Task to complete
In the material below, find the line with "炭黑分散测试仪、 差示扫描量热仪、 马弗炉(灰分试验机)、快速水分测定仪、" and the line with "Merckens Red Chocolate". Output exactly those two lines and all lines between them, leaving out pictures.
§
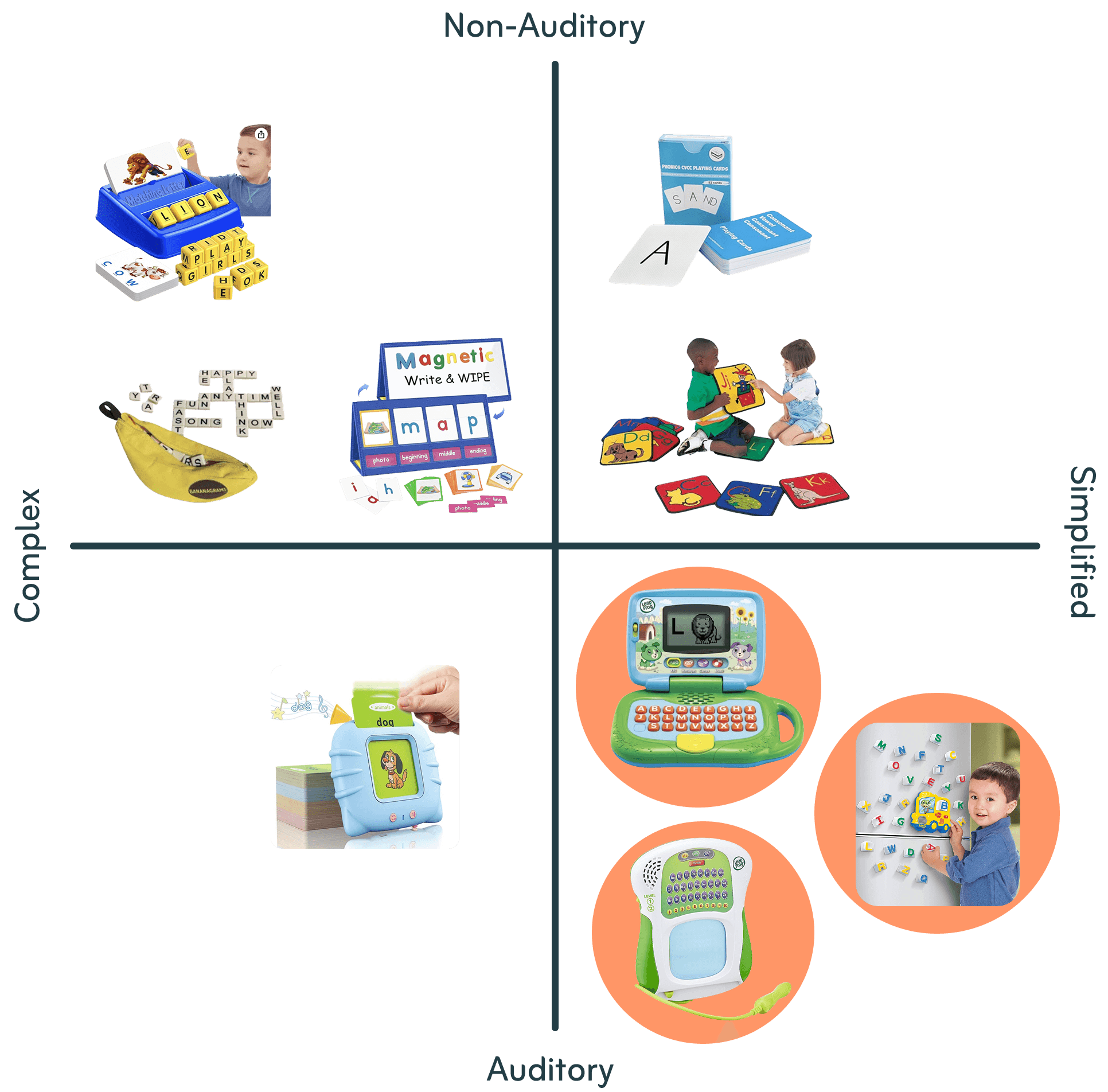 It can be seen that the toy market lacks phonic awareness toys that cater to the most effective methods for teaching kids with dyslexia.
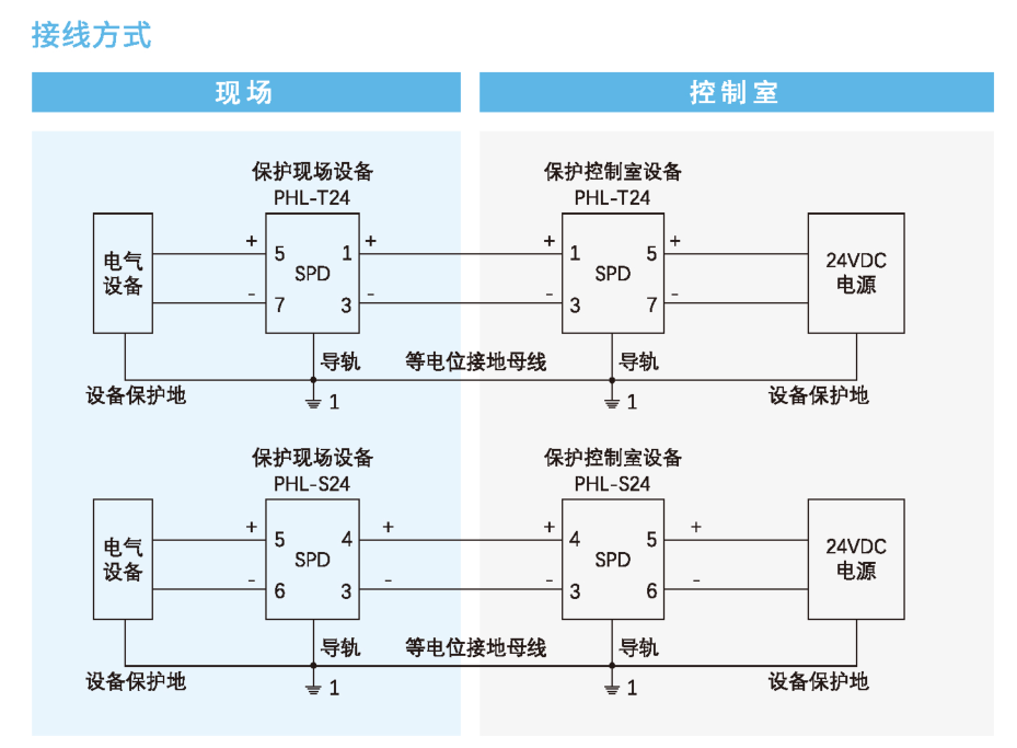 PHL-S24小功率電源SPD主要用于保護(hù)現(xiàn)場設(shè)備以及控制室24V供電設(shè)備,使其免受雷擊電涌沖擊電壓或操作過電壓的損害。
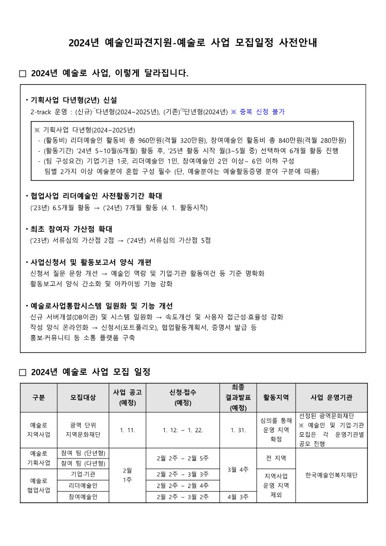 | [안내] 2024년 예술인파견지원-예술로 사업 모집일정 사전안내 | |||
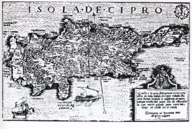 Isola de Cipro. Questa e la uera descriptione et geographia de tuta lisula de Cypre ridutta alla uera forma secundo li moderni et nomi antiqui tratta dal uero sito de essa insula con monti paludi piani ouer mesaree et casali sui et cita di. Stampata in Venetia per Matheo pagano 1538 (EL)
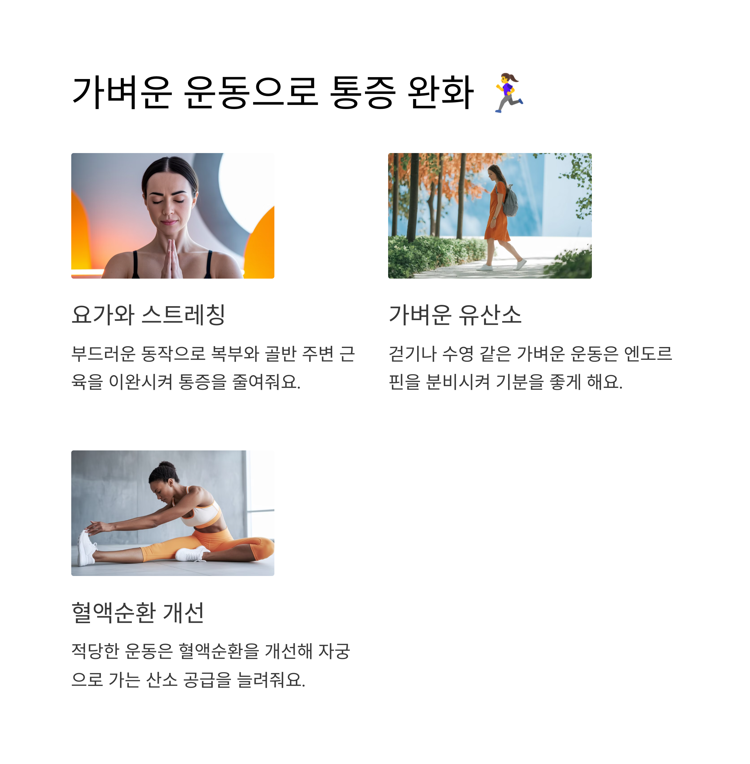 특히 요가, 스트레칭, 가벼운 산책 같은 운동이 도움돼요!
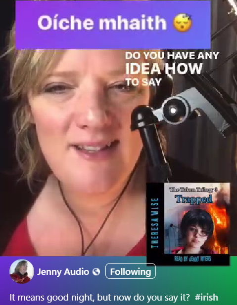 Check out Jenny’s great Irish accent! Click on the blue button below. She’s narrating “Trapped” audiobook 3 of The Taken Trilogy. We hope to have it ready for you before Thanksgiving.
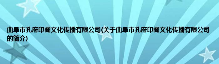 本文关于曲阜市孔府印阁文化传播有限公司的简介就讲解完毕,希望对大家有所帮助。
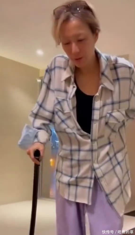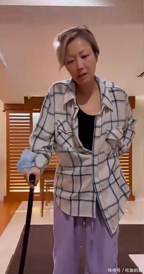 拄手杖走路时,郑秀文一步一步齐很笨重,还要扶着腰、忍着疼。
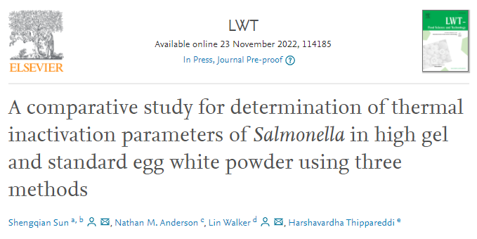 近日,公司哈哈体育留美博士孙盛千副教授联合美国北卡罗来纳州立大学助理教授Dr.Walker在国际顶级期刊 《LWT-Food Science and Technology》(中科院SCI 1区TOP,JCR 1区,IF=6.056)发表了题为“A comparative study for determination of thermal inactivation parameters of Salmonella in high gel and standard egg white powder using three methods”的研究论文。该论文的第一作者单位和通讯作者单位均为HAHA体育,北卡罗来纳州立大学为共同通讯作者单位。
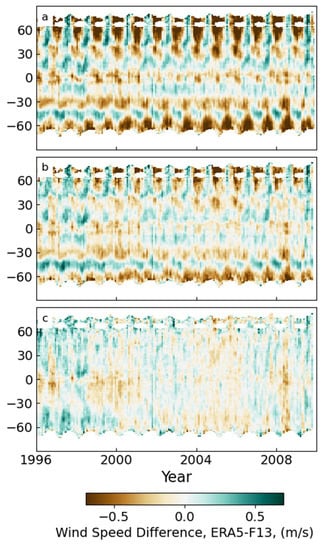 We next compare ERA_ADJ winds to winds retrieved from imaging radiometers. Radiometer measurements are important for extending CCMP to the pre-scatterometer period. For this analysis, we separate the radiometer instruments into two sets, one (Rad_LO) that includes instruments that have a lower 11 GHz channel (TMI, AMSR-E, AMSR2, WindSat and GMI) and a second set (Rad_MED) consisting of instruments whose lowest frequency channel is 19 GHz (SSM/I and SSMIS). Winds from the Rad_LO instruments are less affected by atmospheric conditions because of the increased atmospheric transparency at lower frequencies [24]. Global maps of the mean ERA5-SSM/I F13 differences are shown in Figure 8. Panels (a) and (b) show the differences for the ERA5_OSCAR and ERA5_ADJ winds. In both cases, there are large regional differences, with a small improvement when ERA5_ADJ winds are used in place of ERA5_OSCAR. We note that the overall statistical consistency between ERA5_ADJ and SSM/I F13 is good as indicated by wind speed histograms and mean differences binned by wind (not shown). Hovmöller diagrams (Figure 9) show that the differences are also strongly modulated by the seasonal cycle in regions more than about 25 degrees away from the Equator. Similar plots are shown for AMSR-E, a Rad_LO instruments, in Figure A4 and Figure A5 in the Appendix A. In both cases, the differences are large enough to make it advantageous to adjust the radiometer winds before including them in CCMP. To do this, we adjust both the Rad_LO and Rad_MED withs so they agree with the adjusted ERA5 winds. We calculated monthly mean differences between each type of radiometer and adjusted ERA5 winds by averaging over the complete missions of each set of radiometers. Only AMSR-E, AMSR2 and WindSat were included in the calculation of the Rad_LO means because TMI and GMI do not sample all latitudes due to their more inclined orbits. All Rad_MED instruments were included in the Rad_MED averages. The monthly mean adjustments for each month and radiometer type are shown in Figure A6 and Figure A7. Similar to the adjustments made to ERA5, the adjustments made to the radiometers are performed by interpolating the monthly maps to the day being adjusted. Panels (c) in Figure 8, Figure 9, Figure A4 and Figure A5 show the differences after the adjustments were applied.
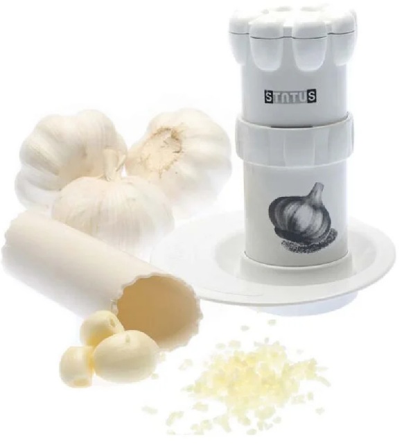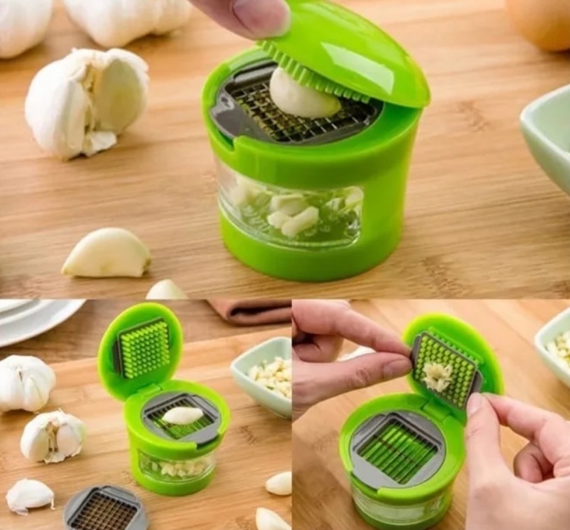 Les broyeurs multifonctionnels, qui, en plus de l'ail, sont capables de hacher des noix, des herbes, des épices, sont un verre en verre ou en plastique avec un couvercle. Les cubes résultants ont une certaine taille. De tels modèles conservent parfaitement l'arôme des plantes.
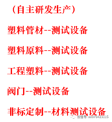炭黑分散测试仪、 差示扫描量热仪、 马弗炉(灰分试验机)、快速水分测定仪、 交联度实验仪、 检查井落锤冲击试验机、检查井力学综合性能试验机、 检查井力学综合性能试验机(密封性负压机构(变形及偏角))、 拉拔试验箱、 管材不透光率测定仪、 管道适用性综合性能试验机、 管道真空负压试验、 滴灌管(带)水利性能综合试验台、 滴灌带拉拔试验机、 塑胶跑道冲击吸收和垂直变形试验机、 跑道面层滑动阻力测试仪、 密度天平、 塑料管材静压热稳定试验机(简称8760)、 耐慢速裂纹增长(锥体试验机)、 耐快速裂纹扩展(RCP)试验机、 密度梯度计、真空落锤、 电热鼓风烘箱(纵向回缩率试验机) 高压爆破试验机(10MPA-400MPA)
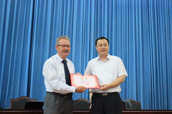 奧托?凱爾斯滕教授在報告中 蔡敬民書記為奧托?凱爾斯滕教授頒發(fā)客座教授證書
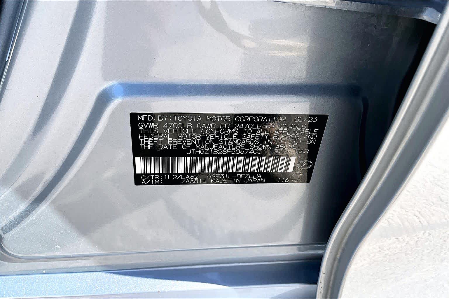 - VIN : JTHGZ1B28P5067403
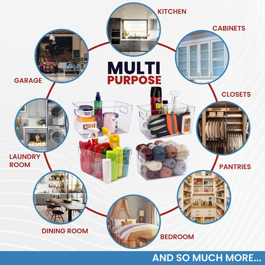 Sorbus 8 Pack Medium Clear Plastic Storage Bins, Clear Organizer Bins with Handle for Kitchen, Pantry, Cabinet, Refrigerator, Craft, Toys, Clothes, Closet, Under Sink, Bathroom Organizers and Storage
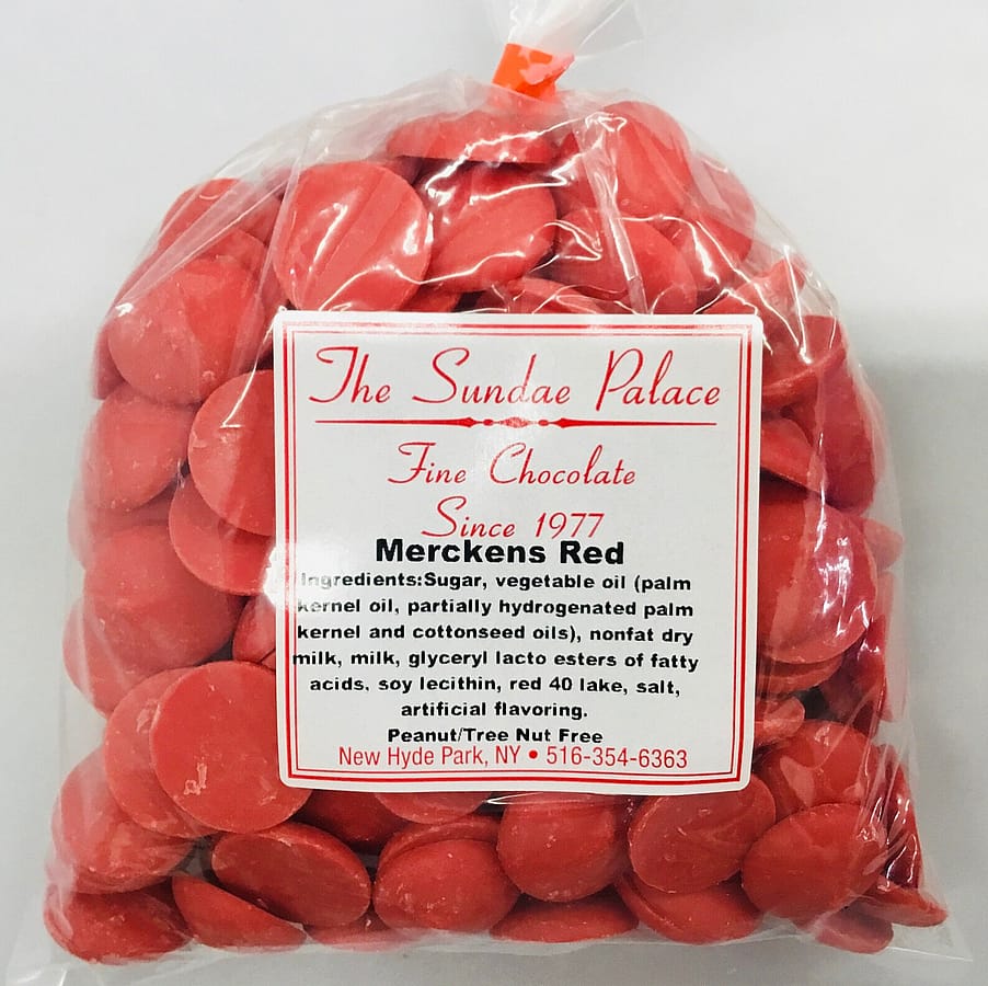 Merckens Red Chocolate Melting Wafers Peanut/Tree Nut and Gluten Free.
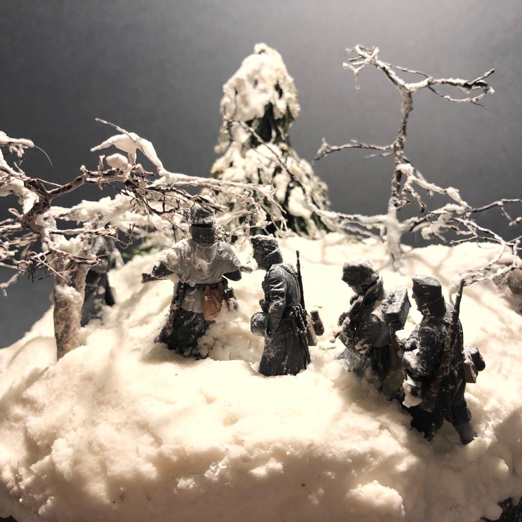 Здравствуйте! Я хочу показать мою первую диорамму на основе фигурок немецких солдатов от Master Box из набора Cold wind. Окрашено краской от тамии, основа- обычный пенопласт из Леонардо. Деревья скрутил из проволоки (из толстой и тонкой). Снег сделан из соды, ПВА и воды, и присыпан пигментом от zip. Повторяюсь, это моя первая работа и хочу чтобы мне указали на недочёты или ошибки.
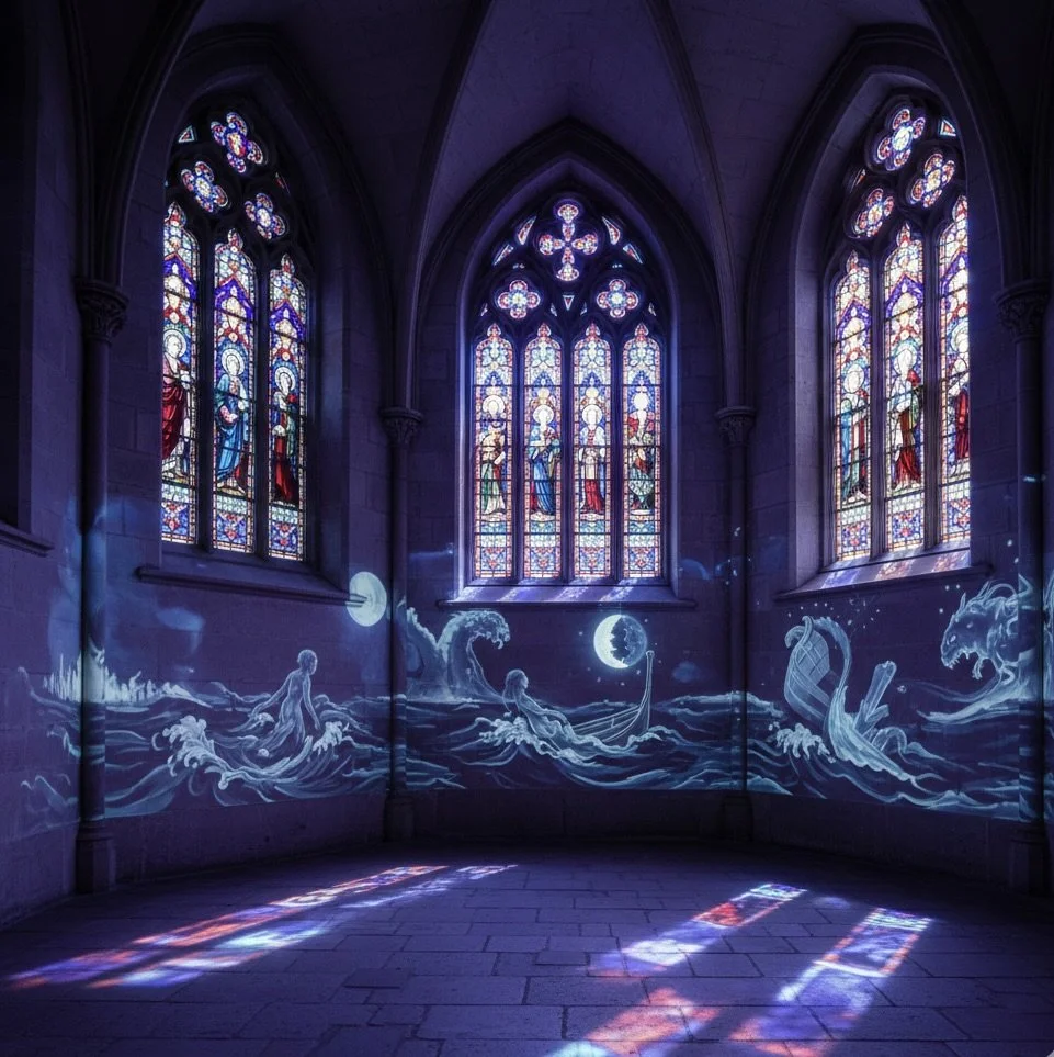 Stained Glass ComponentConservation StatusStrategic FunctionAesthetic AssignmentFigural PanelsStudio RestorationNarrative IlluminationVisual validation of storyLead CamesRe-leading requiredStructural IntegrityFixed Salt (Bonding)Exterior GlazingHurricane-grade installationLong-term ProtectionProtective AegisLED "Moonlight"Integrated with fixturesProduct IlluminationNarrative Lighting (Pattern 6)
§
Written reply
炭黑分散测试仪、 差示扫描量热仪、 马弗炉(灰分试验机)、快速水分测定仪、 交联度实验仪、 检查井落锤冲击试验机、检查井力学综合性能试验机、 检查井力学综合性能试验机(密封性负压机构(变形及偏角))、 拉拔试验箱、 管材不透光率测定仪、 管道适用性综合性能试验机、 管道真空负压试验、 滴灌管(带)水利性能综合试验台、 滴灌带拉拔试验机、 塑胶跑道冲击吸收和垂直变形试验机、 跑道面层滑动阻力测试仪、 密度天平、 塑料管材静压热稳定试验机(简称8760)、 耐慢速裂纹增长(锥体试验机)、 耐快速裂纹扩展(RCP)试验机、 密度梯度计、真空落锤、 电热鼓风烘箱(纵向回缩率试验机) 高压爆破试验机(10MPA-400MPA)
 奧托?凱爾斯滕教授在報告中 蔡敬民書記為奧托?凱爾斯滕教授頒發(fā)客座教授證書
 - VIN : JTHGZ1B28P5067403
 Sorbus 8 Pack Medium Clear Plastic Storage Bins, Clear Organizer Bins with Handle for Kitchen, Pantry, Cabinet, Refrigerator, Craft, Toys, Clothes, Closet, Under Sink, Bathroom Organizers and Storage
 Merckens Red Chocolate Melting Wafers Peanut/Tree Nut and Gluten Free.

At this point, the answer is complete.